After a jury-waived trial in the Superior Court, the defendant was convicted of having offered a bribe to a police officer. G. L. c. 268A, Section 2(a). Officer Leach had apprehended a minor and confiscated from him a case of beer which the minor had purchased at a liquor store in which the defendant owned all of the capital stock. The defendant offered a bribe to Leach hours after this illegal sale. He argues that he was entitled to a finding of not guilty because the evidence established that the officer had entrapped him and that at the time of the bribe there was no act to be performed by Leach over which the defendant could exercise influence. We affirm the judgment.
1. The Commonwealth presented evidence to show that Leach, after apprehending the minor and confiscating the purchased beer, informed an employee of the defendant's liquor store that he intended to submit a
report to the liquor licensing commission. That same night the defendant made such repeated efforts to speak with Leach that Leach became suspicious of him, scheduled a meeting at the police station, and arranged to have a fellow officer secrete himself in an adjoining room where he could observe and hear Leach and the defendant. At this meeting a short time after the illegal sale, the defendant asked Leach if anything could be done, if Leach would return the confiscated beer to him, and if he could have Leach's report. The defendant took money from his wallet, and when Leach told him that he did not want it and to put it back, the defendant offered Leach a larger amount. The defendant testified that when he asked Leach if anything could be done, Leach rubbed his thumb and first two fingers together, an act which the defendant interpreted as a request for money; when the defendant first offered Leach money, he did not increase the amount until after Leach stated that other officers were involved, thereby implying that the original offer was insufficient. Entrapment presents to the fact finder the issue whether the defendant was predisposed to commit the crime charged. Commonwealth v. Harvard, 356 Mass. 452 , 459-461 (1969). Commonwealth v. Miller, 361 Mass. 644 , 650-651 (1971). It was for the judge to weigh the defendant's credibility, Commonwealth v. Heffernan, 350 Mass. 48 , 53, cert. denied, 384 U.S. 960 (1966); Commonwealth v. Kaste, 4 Mass. App. Ct. 589 , 591-592 (1976), and it is obvious that he rejected the bulk of the defendant's testimony. With this in mind, the present case is disposed of by the holdings in Commonwealth v. Lozano, 5 Mass. App. Ct. 872 , 873 (1977), and the cases cited therein. The fact that Leach and his fellow officer might have intended to gain evidence against the defendant was irrelevant. The recited evidence was sufficient to sustain the Commonwealth's burden of proving the defendant guilty of the crime charged. See Commonwealth v. Harvard, 356 Mass. at 460; Commonwealth v. Miller, 361 Mass. 652 , 660; Commonwealth v. Lozano, 5 Mass. App. Ct. at 873. See also Sorrells v. United States, 287 U.S. 435, 448-450 (1932); Tzimopoulos v. United States, 554 F.2d 1216, 1216-1217 (1st Cir.), cert. denied, 434 U.S. 851, 852-853 (1977).

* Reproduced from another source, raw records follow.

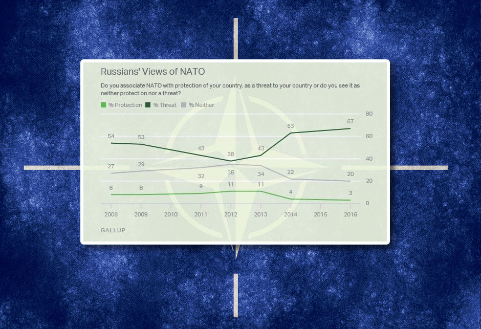Da su neutralni u odnosu na Sjevernoatlantski savez je reklo 20% ispitanika, a 3% ih čak smatra da NATO štiti Rusiju. Tijekom posljednjih pet godina, od 2012. do danas, broj onih koji NATO vide kao prijetnju je porastao za 29%.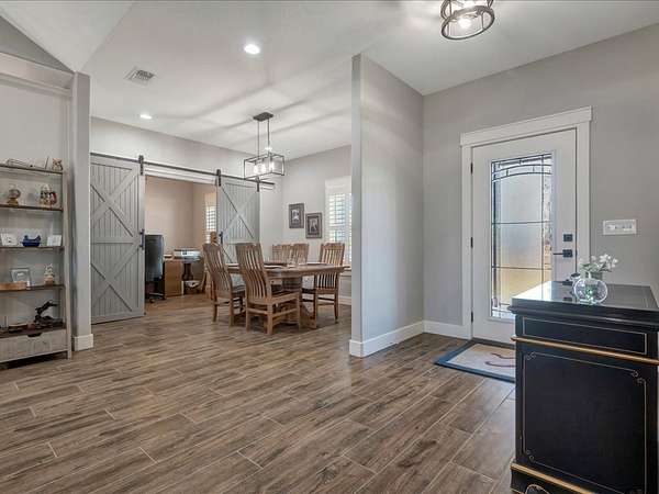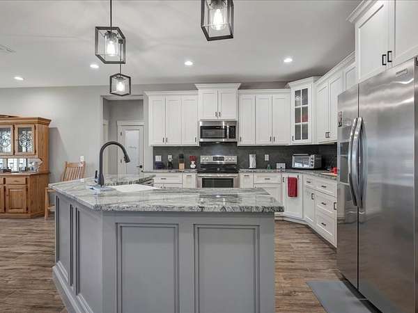 Experience comfort and space in this thoughtfully designed home on 2.5 acres. A welcoming covered front porch opens to an open-concept layout ideal for everyday living and entertaining. Plantation shutters and dimmer switches add style and customizable ambiance throughout. The island kitchen offers ample counter space and a pantry, flowing into the formal dining room and cozy breakfast nook. A dedicated office provides an ideal work-from-home space. The split bedroom plan ensures privacy, with a spacious primary suite featuring a large walk-in closet, dual sinks, a soaking tub, and an oversized shower. Additional features include a double attached garage, a Generac whole-house propane generator, and an active Terminix maintenance plan with bait stations. Outdoor amenities include a 49x30 open-space barn with security lighting and a 20x40 enclosed building with 10' roll-up doors and 220 power—perfect for storage, hobbies, or projects.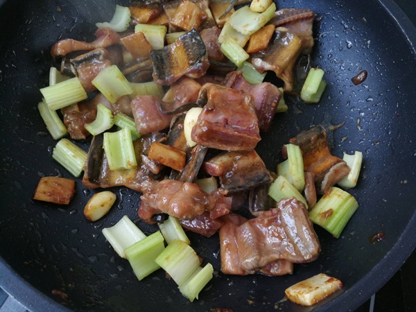 Bước 4: Tiếp đó bạn cho cần tây vào và xào trên lửa lớn. Khi cần tây chuyển màu hơi trong thì bạn cho ớt chuông vàng và hành tây cắt khối vào, xào đều. Khi tất cả các nguyên liệu chín thì bạn rắc hành baro xắt nhỏ vào, đảo đều rồi tắt bếp. Cho lươn xào rau củ tươi ra đĩa là có thể thưởng thức cùng cơm nóng.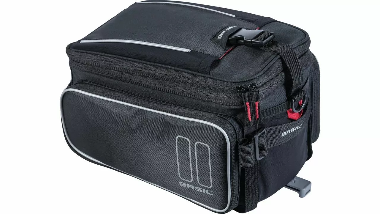 Bei der BASIL Sport Design MIK handelt es sich um eine geräumige Tasche für den Gepäckträger mit stattlichen 7 bis 15 l Volumen. An der Tasche sind diverse Fächer integriert, die bei Bedarf per Reißverschluss aufgeklappt werden können. Somit stehen reichlich Unterbringungs-Möglichkeiten für Ihre Sachen zur Verfügung. <br><br>Mit der vormontierten MIK-Adapterplatte eignet sich die Tasche für MIK-Gepäckträger oder die MIK-Trägerplatte. So lässt sich die Sport Design einfach auf dem Gepäckträger einklicken. An deren abnehmbaren Schulterriemen kann man die Tasche über die Schulter hängen und bequem überallhin mitnehmen.<br>/> <br>/> Das Topcase aus Polyester verleiht der Tasche ihren progressiven Look. Einen trendigen Kontrast dazu bildet das Innenfutter, entweder in Rot oder in Blau. <br>Mit dem MIK-System ist die Tasche für fast alle Fahrräder, auch E-Bikes, geeignet.<br>Die Gepäckträgertasche hat an allen Seiten Reflektoren. Die Ziernähte sind ebenfalls reflektierend, so dass man bei Dunkelheit besser zu sehen ist.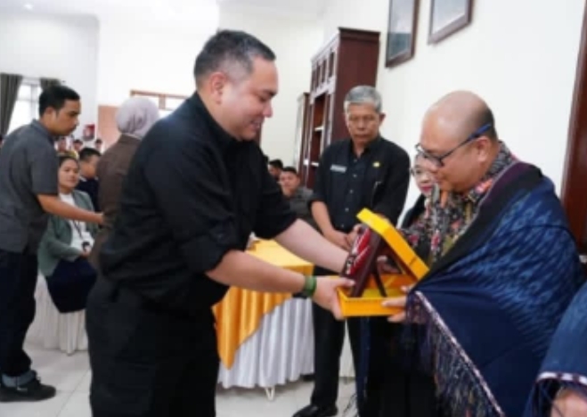 Pakpak Bharat — mediamutiara.com Bupati Pakpak Bharat, Franc Bernhard Tumanggor menghadiri Temu Pisah Kepala Kejaksaan Negeri Dairi.

2. The facts that the minor had been apprehended, the beer confiscated, and the report written before the defendant approached Leach do not preclude the defendant's conviction on the basis that at the time of the offer it was impossible for Leach to alter the course or outcome of any administrative action against the defendant's liquor store. See e.g., Commonwealth v. Albert, 307 Mass. 239 , 244 (1940); Commonwealth v. Mannos, 311 Mass. 94 , 112 (1942). These cases are inapposite, as they stand for the proposition that when the desired act has already been performed at the time the bribe is made, that act cannot be the result of corrupt influence. But see Kemler v. United States, 133 F.2d 235, 238 (1st Cir. 1942). In this case, it places no strain on the facts or the law to conclude that when the defendant sought to obtain the evidence or the report,
or both, it was still possible for Leach to alter the course or the outcome of the intended administrative action. See Commonwealth v. Schoening, 379 Mass. 234 , 241 (1979); Commonwealth v. Kaste, 4 Mass. App. Ct. at 590-592.